From the data below, please reproduce exactly everything from the line that contains "Homykic Bamboo Bookshelf, 5-Tier" down to the line that contains "Figure 166. Transmitter", with both ends included.

* Extracted records
* * *
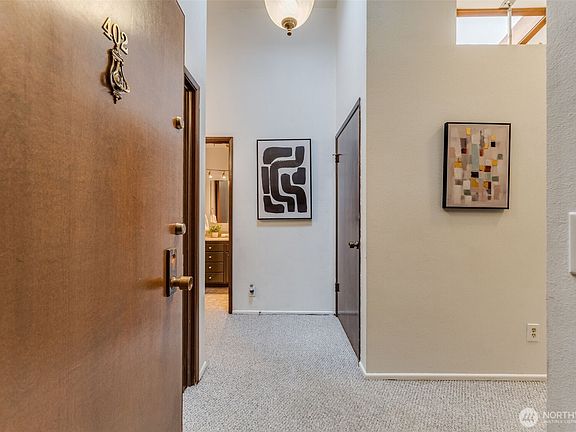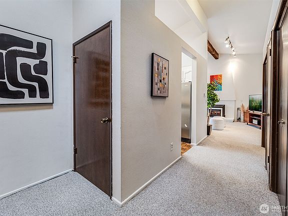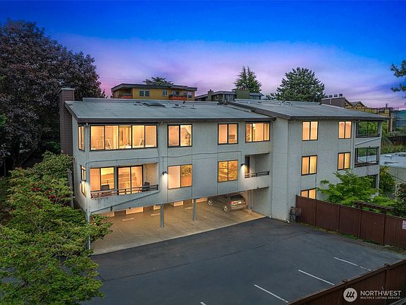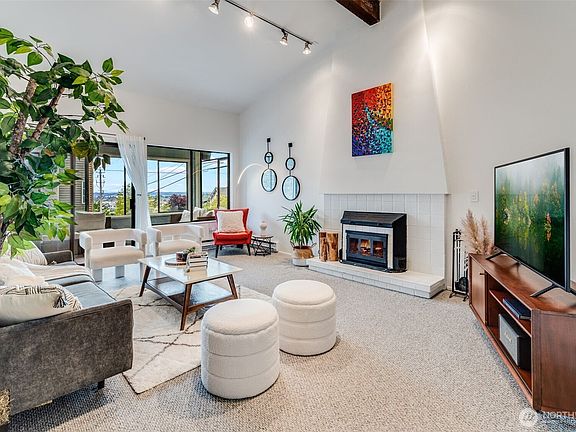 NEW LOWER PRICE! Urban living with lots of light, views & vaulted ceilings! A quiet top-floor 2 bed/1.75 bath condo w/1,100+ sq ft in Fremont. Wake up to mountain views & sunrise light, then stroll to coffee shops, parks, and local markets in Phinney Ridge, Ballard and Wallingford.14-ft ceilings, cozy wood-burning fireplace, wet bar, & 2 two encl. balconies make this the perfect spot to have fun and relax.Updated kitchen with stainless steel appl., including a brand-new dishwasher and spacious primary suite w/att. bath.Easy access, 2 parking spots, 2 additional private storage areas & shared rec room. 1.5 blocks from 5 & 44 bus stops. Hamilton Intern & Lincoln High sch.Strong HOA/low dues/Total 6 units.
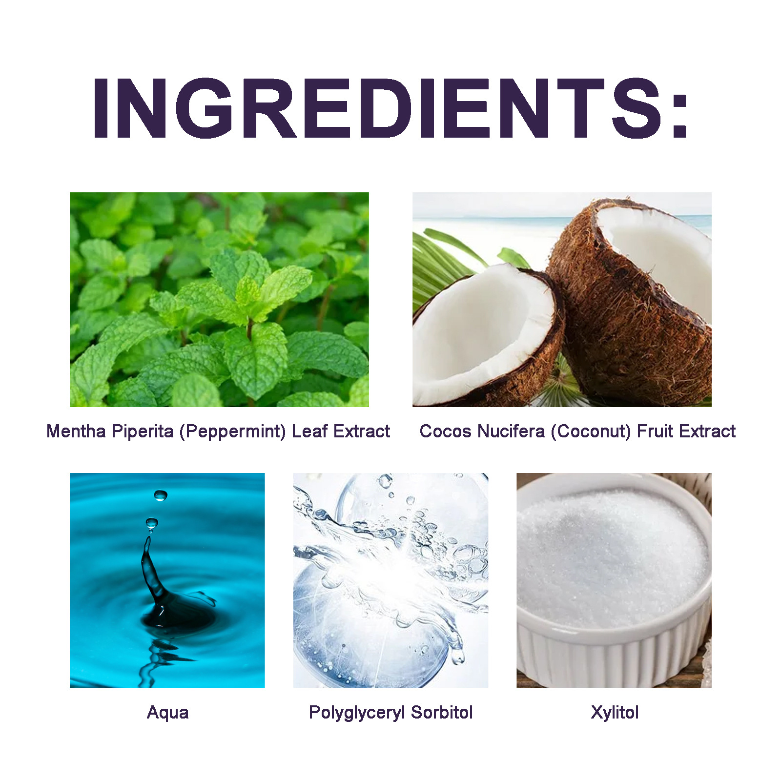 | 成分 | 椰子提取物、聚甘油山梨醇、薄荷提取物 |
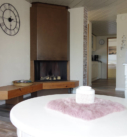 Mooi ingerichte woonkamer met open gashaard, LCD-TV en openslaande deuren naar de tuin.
* * *
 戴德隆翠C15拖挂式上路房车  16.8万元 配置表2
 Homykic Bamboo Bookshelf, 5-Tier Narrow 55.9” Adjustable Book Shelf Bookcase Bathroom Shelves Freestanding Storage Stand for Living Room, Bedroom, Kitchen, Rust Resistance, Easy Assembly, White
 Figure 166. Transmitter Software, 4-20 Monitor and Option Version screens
* * *
* Result of this task
 Homykic Bamboo Bookshelf, 5-Tier Narrow 55.9” Adjustable Book Shelf Bookcase Bathroom Shelves Freestanding Storage Stand for Living Room, Bedroom, Kitchen, Rust Resistance, Easy Assembly, White
 Figure 166. Transmitter Software, 4-20 Monitor and Option Version screens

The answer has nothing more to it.